• DATA FOR THIS TASK
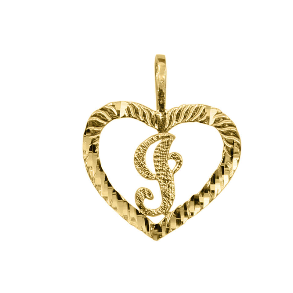 Genuine 14k Yellow Gold 0.59" Diamond-cut Initial Letter I Heart-shaped Pendant
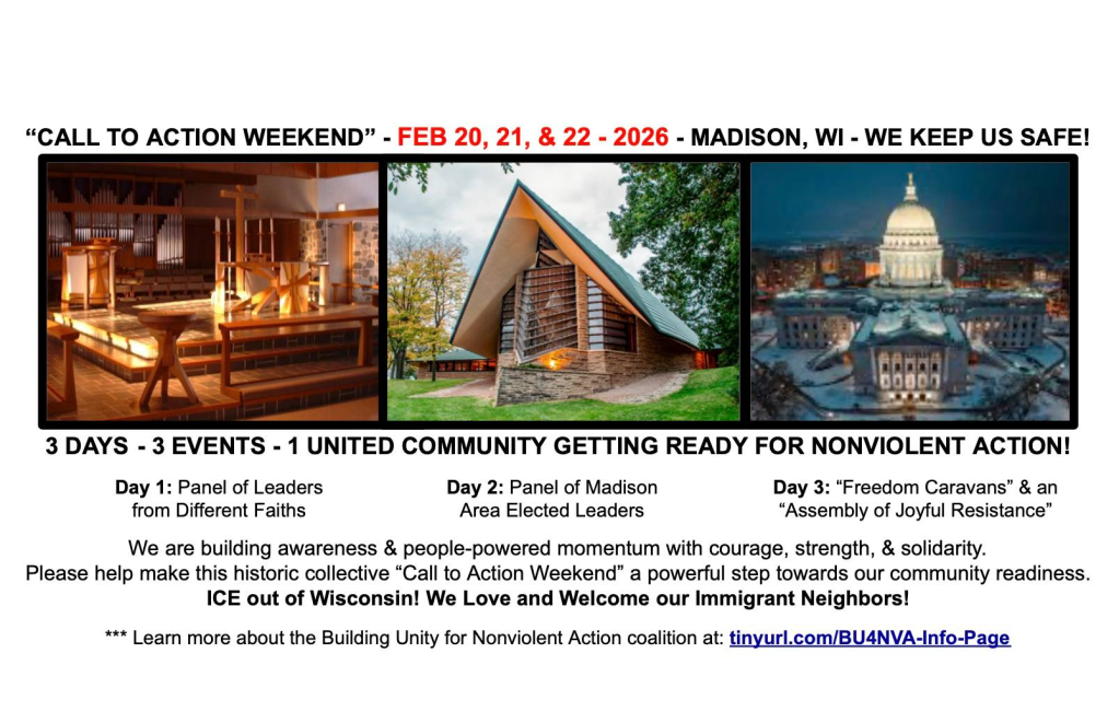 Part 3: Feb. 22, 1-3:45pm – “A New Form of Freedom Rides” and a Capitol Assembly for Nonviolent Action – Communities of faith, conscience, and goodwill, will meet at houses of worship and other locations to form “Freedom Caravans.” Cars in these caravans will display signs calling for protection of our communities and an end to the violence perpetrated by federal agents. They will grow as they move towards the Capitol Square from all corners of Dane County. After circumnavigating the Capitol Square at least once, participants will meet in the Capitol Rotunda for an “Assembly of Joyful Resistance” (~ 2:00 pm)with music, singing, and more.
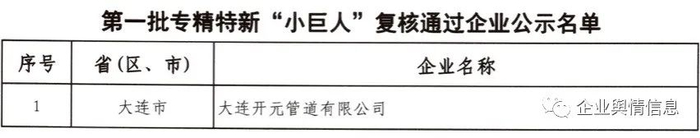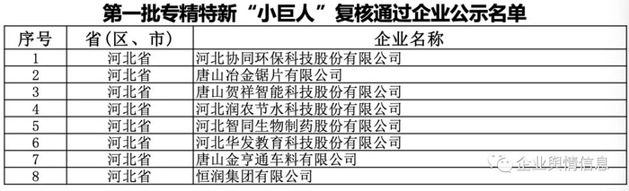 第一批专精特新“小巨人”复核通过企业公示名单
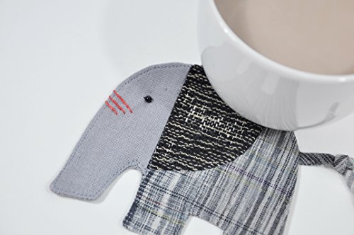-. Title : Grey Elephant Household Asian Thai Style Handmade Craft Sewing Cute Couster Cotton Fabric Elephant Shape Saucer From Chiangmai Thailand, Set of 4
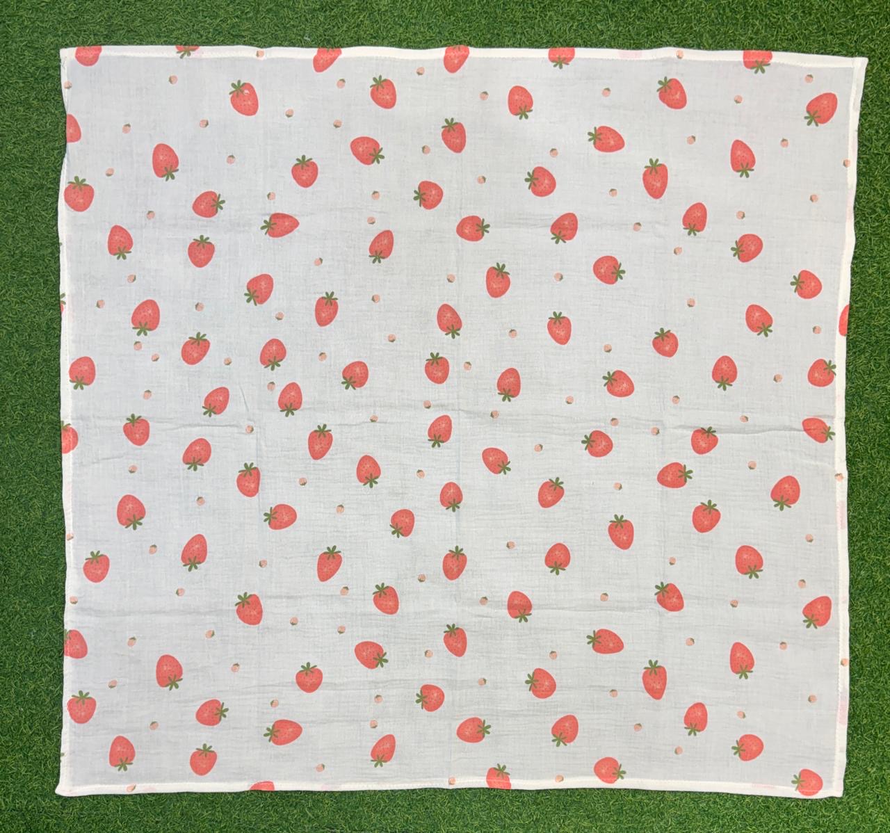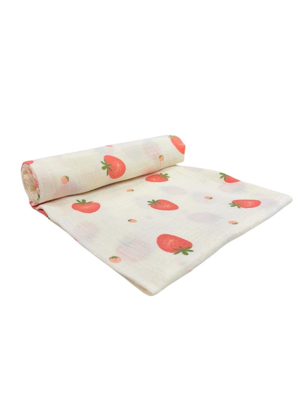 ​​Brighten up your nursery with the sweet and vibrant Strawberry Fields Muslin Swaddle. This delightful wrap features a crisp white background decorated with charming, hand-painted style strawberry prints. The cheerful red fruit and green leafy accents create a fresh, adorable look for your little one.
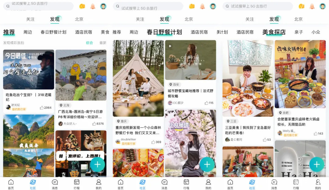 此前旅遊產業鏈的官方賬號都集中在微信微博,視頻vlog都集中在抖音、快手、B站,攻略分享都集中在豆瓣、小紅書。旅行行業是天然的內容富集地,但離旅遊最近的攜程此前一直靠過時且古板的社區來構建其內容生態。
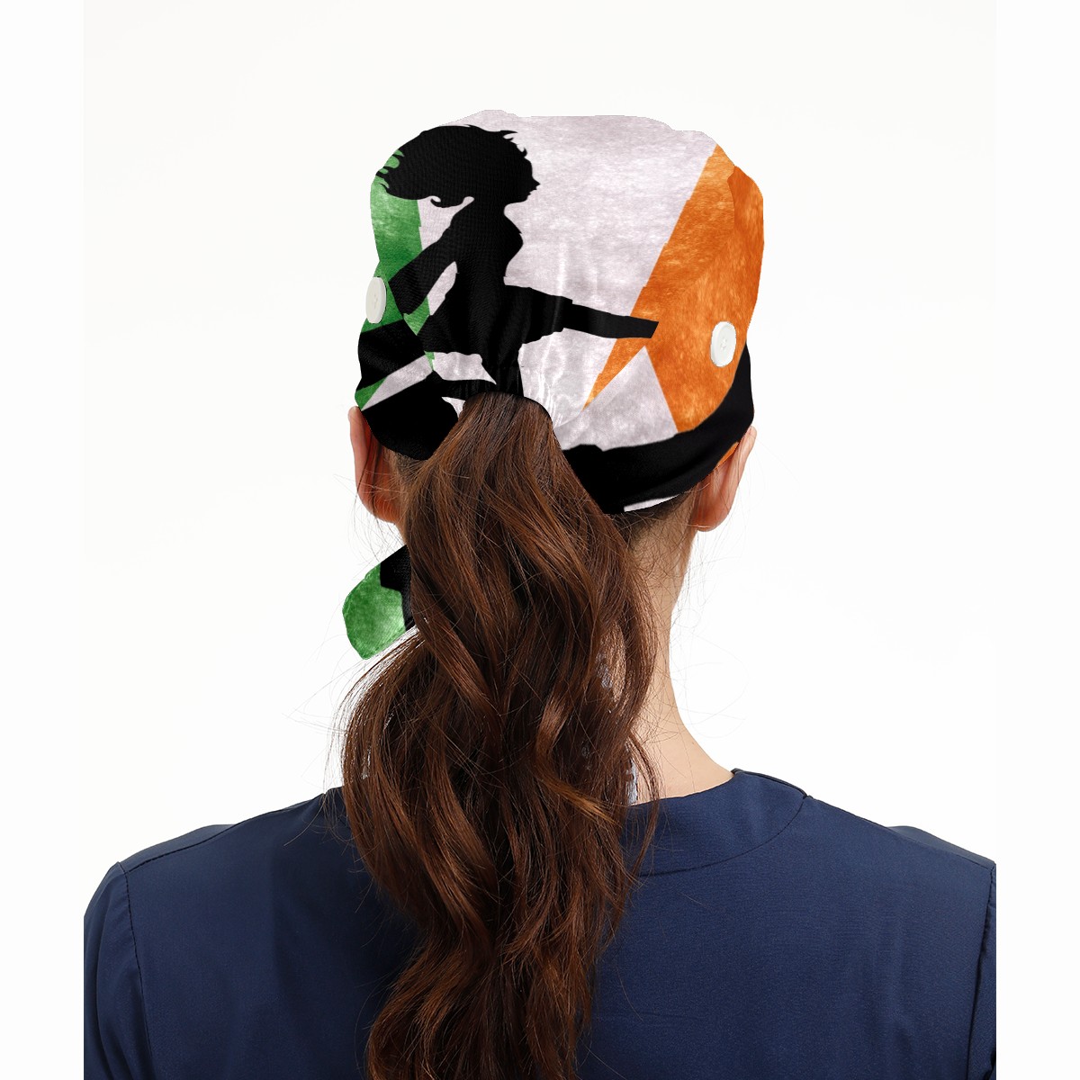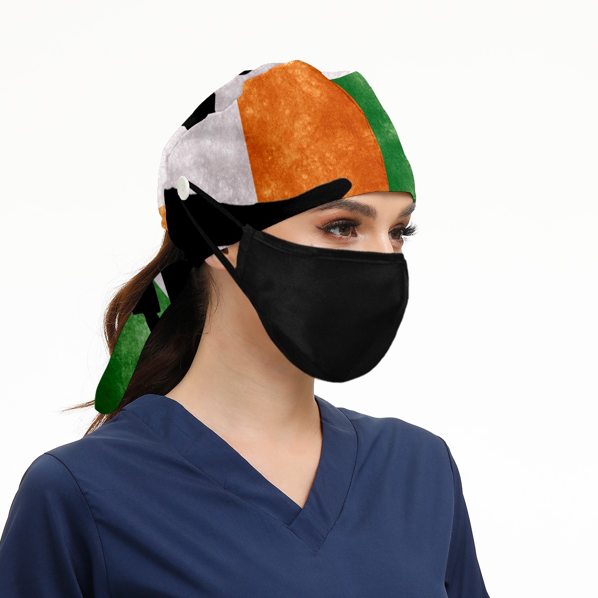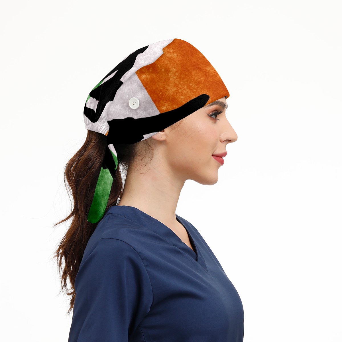 Working Caps with Button&Sweatband Satin Lined Cotton Adjustable Nurse Hats Elastic Band Scrub Cap Surgeon Hat Irish Dancer On Irish Flag
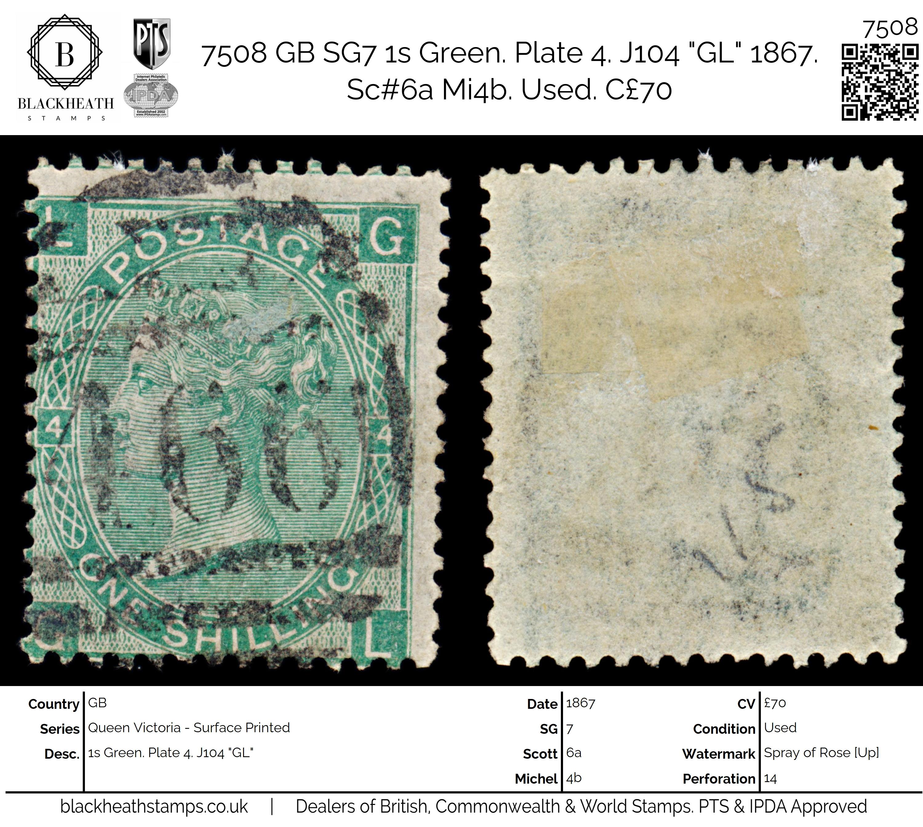 7508 GB SG117 1s Green. Plate 4. J104 "GL" 1867. Sc#54 Mi33. Uséd. C£70:
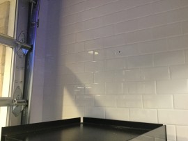Need to drill a hole for the security camera in fast tracks. The camera is going to look at the counter above the pizza warmer. A black dot has been marked where we would like the hole drilled

• AIM OF THE EXERCISE
Only these lines belong in the answer: the first line of the listing above through the line holding "-. Title : Grey", printed exactly and without pictures.

• ANSWER
 Genuine 14k Yellow Gold 0.59" Diamond-cut Initial Letter I Heart-shaped Pendant
 Part 3: Feb. 22, 1-3:45pm – “A New Form of Freedom Rides” and a Capitol Assembly for Nonviolent Action – Communities of faith, conscience, and goodwill, will meet at houses of worship and other locations to form “Freedom Caravans.” Cars in these caravans will display signs calling for protection of our communities and an end to the violence perpetrated by federal agents. They will grow as they move towards the Capitol Square from all corners of Dane County. After circumnavigating the Capitol Square at least once, participants will meet in the Capitol Rotunda for an “Assembly of Joyful Resistance” (~ 2:00 pm)with music, singing, and more.
 第一批专精特新“小巨人”复核通过企业公示名单
-. Title : Grey Elephant Household Asian Thai Style Handmade Craft Sewing Cute Couster Cotton Fabric Elephant Shape Saucer From Chiangmai Thailand, Set of 4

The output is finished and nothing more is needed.